The two things that stuck out in my mind were the topic of forgiveness and trust. She has had over 20 years of experience in this field of trauma and I guess the best way to put it is……she has heard it all as the saying goes. She didn’t say that to me in those words. She would never be that cocky. But what she did say was that I surprised her with the comment I made about forgiveness. She said I took it to a whole different level and it was something she has never came across in all of years of her experience. Not entirely sure how I did that and haven’t really thought a lot about that yet.
But what I have been thinking is about is the word trust. I have been trying to figure out what it is. I know this might sound kinda stupid because trust is a word that is used a lot when it comes to talking about the past and I do understand it is very complex. I have looked up many definitions to describe what the word means……..but that is not what I am looking for. I don’t really know how to describe what I am looking for. I want to know what it means BUT not in a definition sort of way. Does that make sense?
So I guess what I am asking is what does trust mean to you? How does it make you feel when you trust someone? How do you know when you trust someone? We are extremely interested in everyone’s responses to this. I know this is a very loaded question because like I said trust can be very complex.
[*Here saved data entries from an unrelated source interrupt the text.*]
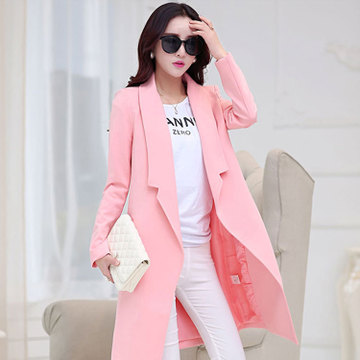 春秋季中長款風衣外套女長袖韓版修身顯瘦百搭簡約西裝褂子潮 /
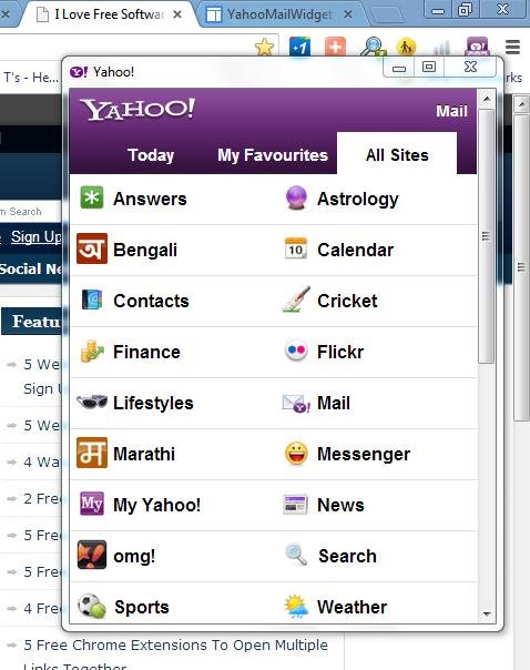 Check Yahoo! Mail in Chrome using Yahoo Mail Widget:
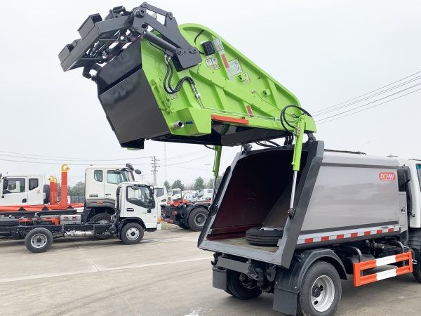 壓縮式垃圾車(chē)由密封式垃圾廂、液壓系統(tǒng)、操作系統(tǒng)組成。整車(chē)為全密封型,自行壓縮、自行傾倒、壓縮過(guò)程中的污水全部進(jìn)入污水廂,較為徹底的解決了垃圾運(yùn)輸過(guò)程中的二次污染的問(wèn)題,避免了給人們帶來(lái)不便,關(guān)鍵部件采用進(jìn)口部件,具有壓力大、密封性好、操作方便、安全等優(yōu)點(diǎn)。 可選配后掛桶翻轉(zhuǎn)機(jī)構(gòu)或垃圾斗翻轉(zhuǎn)機(jī)構(gòu)。 專(zhuān)門(mén)用于收集城鎮(zhèn)居民生活垃圾和其他可壓縮垃圾的的環(huán)衛(wèi)專(zhuān)用車(chē)輛,壓縮式垃圾車(chē)由密封式垃圾箱、液壓系統(tǒng)、操作系統(tǒng)組成。整車(chē)為全密封型,自行壓縮、自行傾倒、壓縮過(guò)程中的污水全部進(jìn)入污水箱,較為徹底的解決了垃圾運(yùn)輸過(guò)程中的二次污染的問(wèn)題,關(guān)鍵元器件采用進(jìn)口件,具有壓力大、密封性好、操作方便、安全省力等優(yōu)點(diǎn)。 主要有后裝壓縮式垃圾車(chē)和測(cè)裝壓縮式垃圾車(chē),其中后裝壓縮式垃圾車(chē)可選配后掛桶收集裝置、鏟斗收集裝置、擺臂收集裝置、掛鐵通收集裝置,用戶(hù)可以根據(jù)不同需要選擇不同的收集裝置。
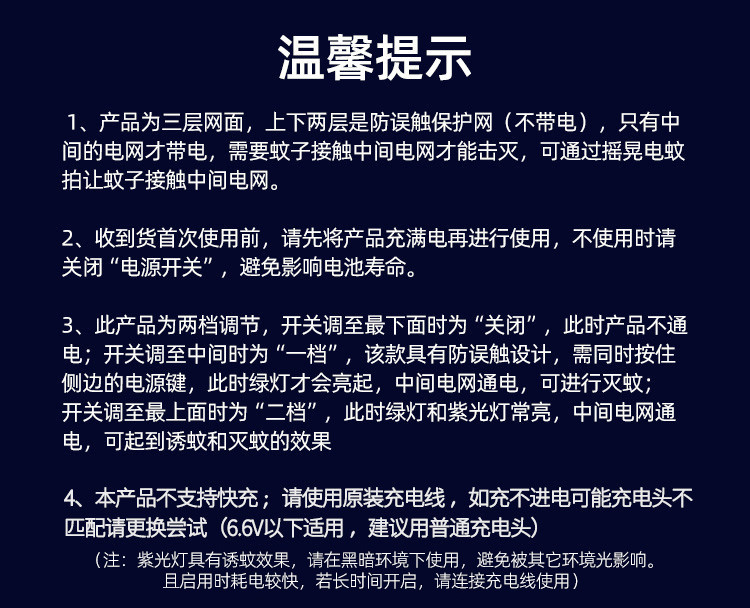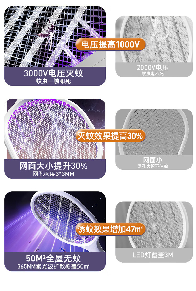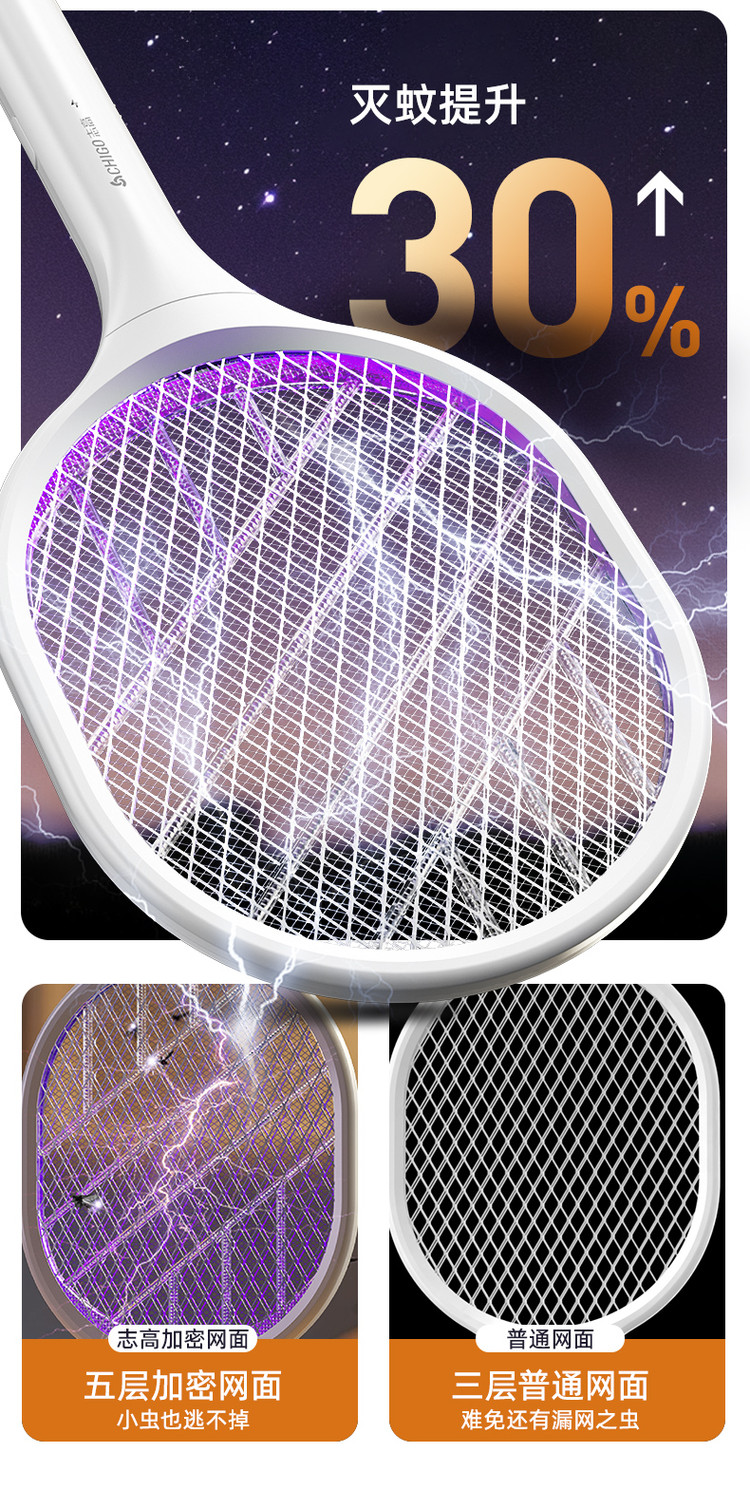 志高 【强力灭蚊 持久续航】电蚊拍充电式紫光诱蚊灭蚊拍苍蝇拍驱蚊器

But it is something I don’t know how to figure out or even know where to begin to try and figure it out. I know it takes time to build and it just isn’t given away freely. I think the T has to do something to earn it by the responses she gives to the things that are said. That makes sense to me. But what do you with that? Is it a conscious choice or does it just “happen”? I think maybe it is both. I think it also has to do with the risks you take and what she does and responds to those things. That makes sense to us also. But does the fear ever go away?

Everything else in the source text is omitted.